Where should we use ?
spark submit options will require master and deployment mode related information .
For YARN cluster manager , master will be YARN and deploy mode will vary depends on the requirement .
spark-submit --master <master-url> --deploy-mode <deploy-mode> -- <other options >
What is Driver program ?
Before getting into the topic , let us get to know about the driver program . When a user submit any spark job , the very first step will be the driver program triggers . This plays a prominent role in controlling the executors in worker nodes .
What are the main types of deployment modes in YARN ?
Based on where actually the driver program triggers , we can differentiate the types of modes . The YARN client mode is the default mode .
- YARN client mode
- YARN cluster mode
Client mode
In this client mode , the driver program launches on the same edge node where the spark job is submitted . This driver program utilizes the resources like memory and CPU from the same machine where we submit the job .
If multiple number of jobs try to use the client mode , we might encounter out of memory issue because of over utilization of resources . And so it is better to use the client mode only for development and debugging purposes . It supports Spark shell as well.
spark-submit --master yarn --deploy-mode client --driver-memory 4g --executor-memory 2g --executor-cores 1 --num-executors 5
Cluster mode
The driver program launches on any other worker node except the edge node on which spark job submitted.

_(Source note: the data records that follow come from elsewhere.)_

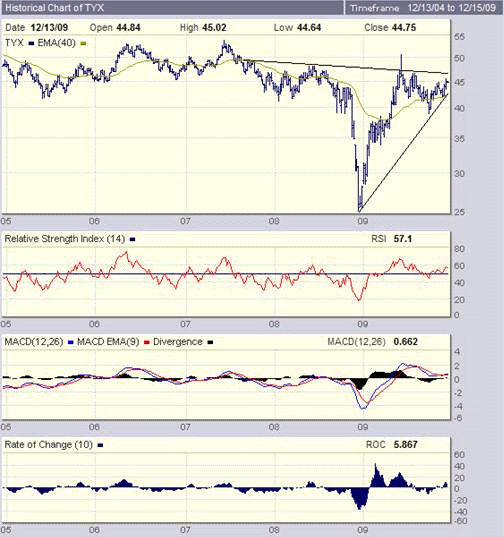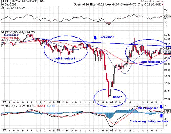 Below is a weekly bar chart of the 30 year bond yield in the US (courtesy Bigcharts.com). The yield may be thought of as the "price" that the market requires the US Government to pay if it wants to borrow money by issuing long dated Treasury Bonds.
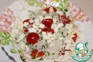 Петрушку измельчаем, помидоры нарезаем дольками или пополам. Добавляем к редьке.
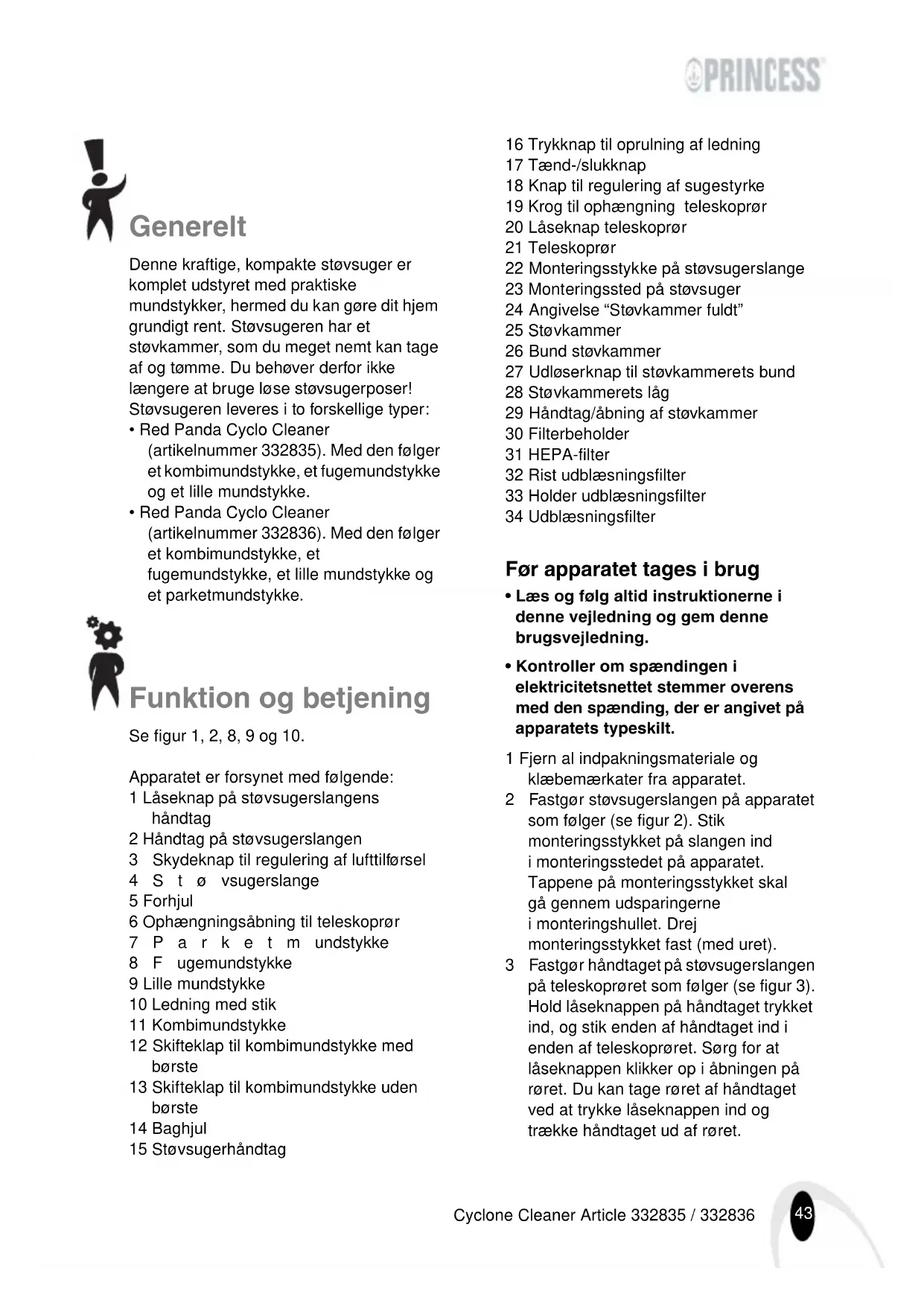 - Red Panda Cyclo Cleaner (artikelnummer 332836). Med den følger et kombimundstykke, et fugemundstykke, et lille mundstykke og et parketmundstykke. Funktion og betjening Se figur 1, 2, 8, 9 og 10. Apparatet er forsynet med følgende: 1 Låseknap på støvsugerslangens håndtag 2 Håndtag på støvsugerslangen 3 Skydeknap til regulering af lufttilførsel 4Støvsugerslange 5 Forhjul 6 Ophængningsåbning til teleskoprør 7Parketmundstykke 8Fugemundstykke 9 Lille mundstykke 10 Ledning med stik 11 Kombimundstykke 12 Skifteklap til kombimundstykke med børste 13 Skifteklap til kombimundstykke uden børste 14 Baghjul 15 Støvsugerhåndtag 16 Trykknap til oprulning af ledning 17 Tænd-/slukknap 18 Knap til regulering af sugestyrke 19 Krog til ophængning teleskoprør 20 Låseknap teleskoprør 21 Teleskoprør 22 Monteringsstykke på støvsugerslange 23 Monteringssted på støvsuger 24 Angivelse “Støvkammer fu ldt” 25 Støvkammer 26 Bund støvkammer 27 Udløserknap til støvkammerets bund 28 Støvkammerets låg 29 Håndtag/åbning af støvkammer 30 Filterbeholder 31 HEPA-filter 32 Rist udblæsningsfilter 33 Holder udblæsningsfilter 34 Udblæsningsfilter Før apparatet tages i brug
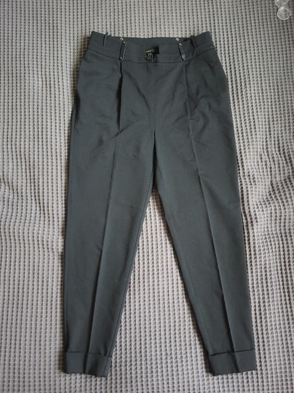 Зауженные брюки с интересным верхом и средней посадкой. Имеют боковые скрытые карманы, стрелки и манжеты внизу. ПОТ - 38 см ПОБ - 50 см. Трохи тягнуться.
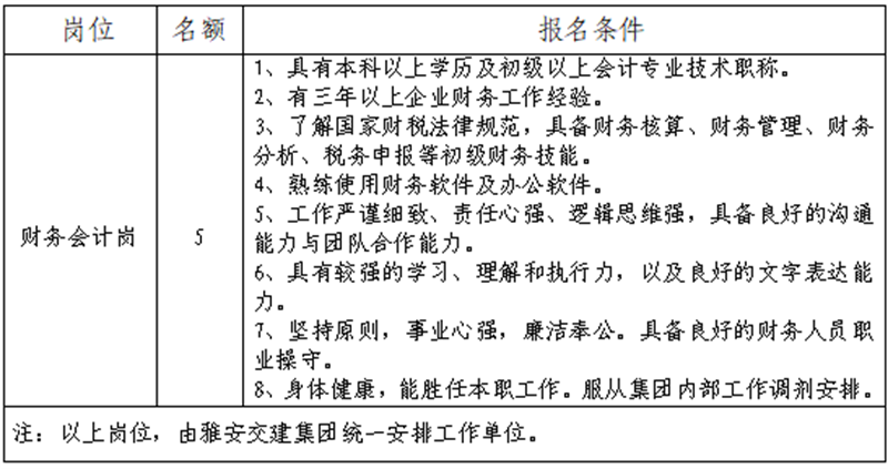 根據(jù)發(fā)展需要,決定面向社會公開招聘雅安市交通建設(shè)(集團)有限責(zé)任公司(以下簡稱“雅安交建集團”)所屬子公司財務(wù)工作人員5名,現(xiàn)將有關(guān)事項公告如下:
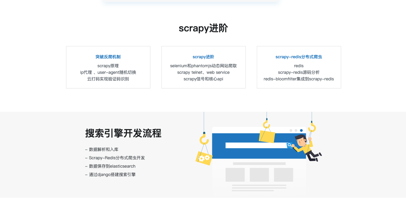 搭建scrapy的开发环境,本章介绍scrapy的常用命令以及工程目录结构分析,本章中也会详细的讲解xpath和css选择器的使用。然后通过scrapy提供的spider完成所有文章的爬取。然后详细讲解item以及item loader方式完成具体字段的提取后使用scrapy提供的pipeline分别将数据保存到json文件以及mysql数据库中。
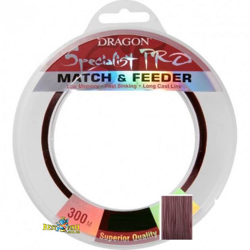 Волосінь Dragon Specialist Pro Match & Feeder - спеціалізована волосінь для лову й матчевої риболовлі. Це одна з найшвидших потопаючих лісок на риболовецькому ринку. Додатковим перевагою є її невелика розтяжність, що дозволяє зробити результативну підсічку з дуже великої дистанції. Темно-коричневий з бордовим відливом колір забезпечить відмінну маскування на тлі темного грунту.

One disadvantage is that it does not support Spark shell .
We can run multiple jobs using the cluster mode simultaneously without any trouble . For this reason , the cluster mode is used whenever we are deploying in production .
spark-submit --master yarn --deploy-mode cluster --driver-memory 4g --executor-memory 2g --executor-cores 1 --num-executors 5
Any common features between client and cluster mode ?
Yes , We do have few common characteristics among both client and cluster mode .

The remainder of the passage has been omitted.